Agile advocates are often quite quite siloed in their thinking, many having had little other experience of delivering projects than bespoke software development projects. Many of them are not even aware of the historical trends before the publication of the Agile Manifesto or that they are in fact just participating in an evolutionary trend, rather than a revolutionary approach. Agile owes much to Rapid Application Development or RAD (its immediate predecessor). Often, I have heard them musing about applying Agile to other technologies and industries and wandering whether it is possible. At the same time they miss the fact that DevOps, which extends Agile, is based on manufacturing theory (Total Quality Management, Just-In-Time and Flexible Automation).
Actually, project managers who subscribe to the AgilePM approach, will often use the organisational aspects of agile to run their projects and the approaches used in RAD were not new either. Prototyping was a feature enabled in manufacturing by the use of CADCAM to rapidly design and produce prototypes and Engineers have always been taught that Design is an iterative process. The concepts of Design Thinking originate from academic papers produced in the 1960s, and address many of the technique aspects of Agile including multi functional product teams and evolutionary prototyping and development of innovative products.

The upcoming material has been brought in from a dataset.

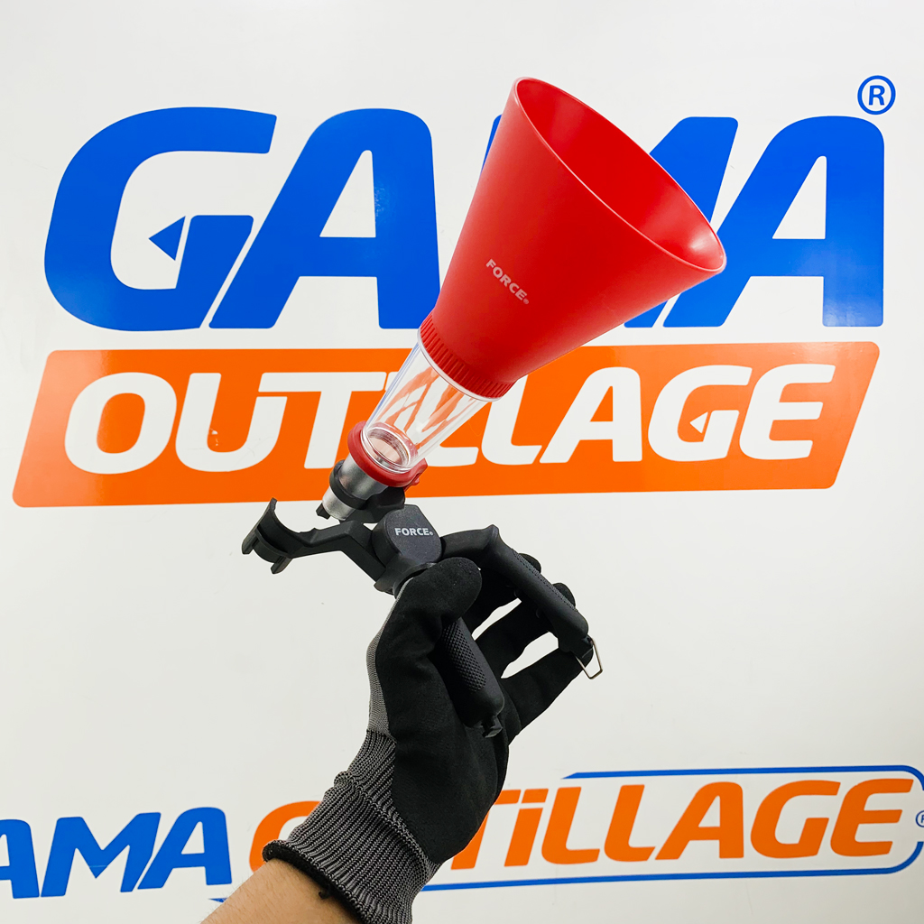 GAMAOUTILLAGE vous propose une ENTONNOIR A HUILE FORCE, Ce type d’entonnoir est le plus courant et convient à la plupart des huiles et des véhicules. Il est généralement en plastique ou en métal et possède un bec verseur flexible pour un remplissage précis.

But if you want to see Agile organisational constructs such as sprints in action, go to a shipyard. almost all modern shipyards practice modular shipbuilding approaches. They split the overall design into modeles which are constructed and outfitted. These are combined to form blocks, which are then further outfitted. The blocks are then moved to the construction berth, combined and integrated. Work is usually organised around 1 to 2 week production units (although sometimes 4 week ones are used). Testing is continuous and progressive as systems and compartments are completed. Test conditions are part of design. (Does this sound Familiar?).
Although this practice evolved in the late 60s in Japan and gradually spread, it was in fact learnt from high rise building construction, with each floor of office or hotel blocks treated as a sprint.
Likewise, filming has a similar approach. Up front sketches are used to design each scene. Some work is done with cameras, lighting and film to workout the best combinations to achieve the cinematic affects required (a little similar to preliminary UI design). Scenes become the sprints and are filmed iterativelly to produce what can be afforded and so on. UAT is done with test audiences.
So Agile is not new, it's just slightly tailored to software development, and just like some of the other approaches used elsewhere, it's based on producing a right quality product with the minimum of fuss.